What is needed
Among the entries below, only the lines from the one with "Yves LALOY, Homme" through the one with "s'établirent non sans" are to be retyped, exactly and without pictures.

Material provided
######

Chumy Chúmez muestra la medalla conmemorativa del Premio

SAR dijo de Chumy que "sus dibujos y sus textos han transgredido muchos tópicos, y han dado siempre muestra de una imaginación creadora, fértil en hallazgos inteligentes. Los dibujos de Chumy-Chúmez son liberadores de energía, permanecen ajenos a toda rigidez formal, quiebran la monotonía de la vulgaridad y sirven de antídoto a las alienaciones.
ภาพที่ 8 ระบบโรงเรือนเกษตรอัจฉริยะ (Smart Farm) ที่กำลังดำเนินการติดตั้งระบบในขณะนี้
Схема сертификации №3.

######

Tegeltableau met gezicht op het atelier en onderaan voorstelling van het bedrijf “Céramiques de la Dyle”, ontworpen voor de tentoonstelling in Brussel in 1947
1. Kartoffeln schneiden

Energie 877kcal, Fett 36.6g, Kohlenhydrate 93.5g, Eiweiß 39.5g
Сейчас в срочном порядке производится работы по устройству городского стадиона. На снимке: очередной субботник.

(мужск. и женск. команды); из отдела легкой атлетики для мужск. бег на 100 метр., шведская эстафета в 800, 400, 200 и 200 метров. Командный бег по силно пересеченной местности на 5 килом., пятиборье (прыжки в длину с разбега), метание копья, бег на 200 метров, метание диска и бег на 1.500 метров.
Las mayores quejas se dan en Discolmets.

######

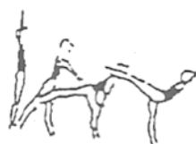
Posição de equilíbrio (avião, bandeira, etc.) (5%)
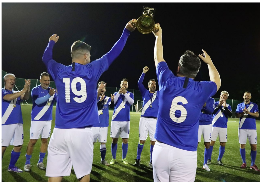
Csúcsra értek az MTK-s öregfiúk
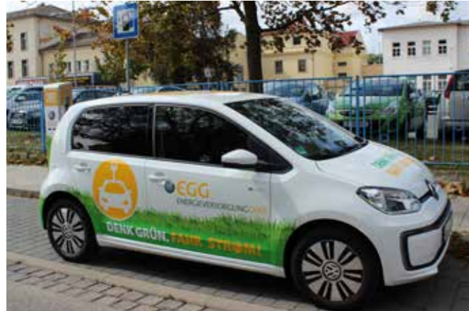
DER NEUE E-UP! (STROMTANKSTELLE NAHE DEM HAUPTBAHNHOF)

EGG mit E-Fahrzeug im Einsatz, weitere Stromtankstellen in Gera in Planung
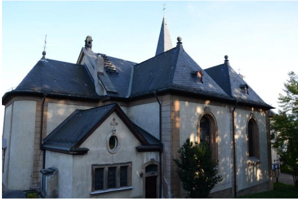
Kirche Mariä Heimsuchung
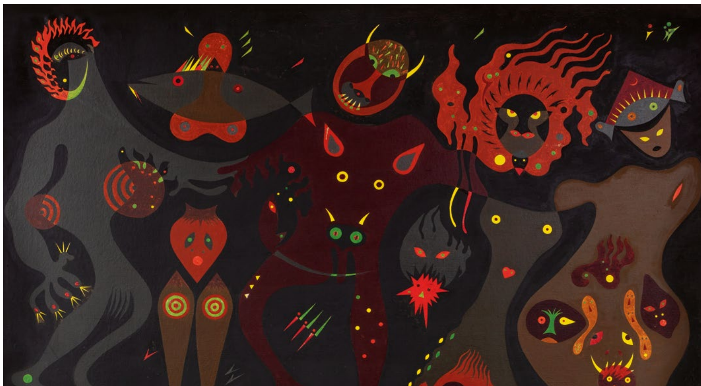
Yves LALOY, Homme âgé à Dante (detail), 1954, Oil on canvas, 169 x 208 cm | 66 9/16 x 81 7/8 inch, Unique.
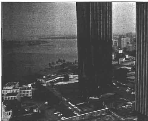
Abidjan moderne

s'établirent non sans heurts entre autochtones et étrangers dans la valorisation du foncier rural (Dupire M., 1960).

######

Exercise response
Yves LALOY, Homme âgé à Dante (detail), 1954, Oil on canvas, 169 x 208 cm | 66 9/16 x 81 7/8 inch, Unique.
Abidjan moderne

s'établirent non sans heurts entre autochtones et étrangers dans la valorisation du foncier rural (Dupire M., 1960).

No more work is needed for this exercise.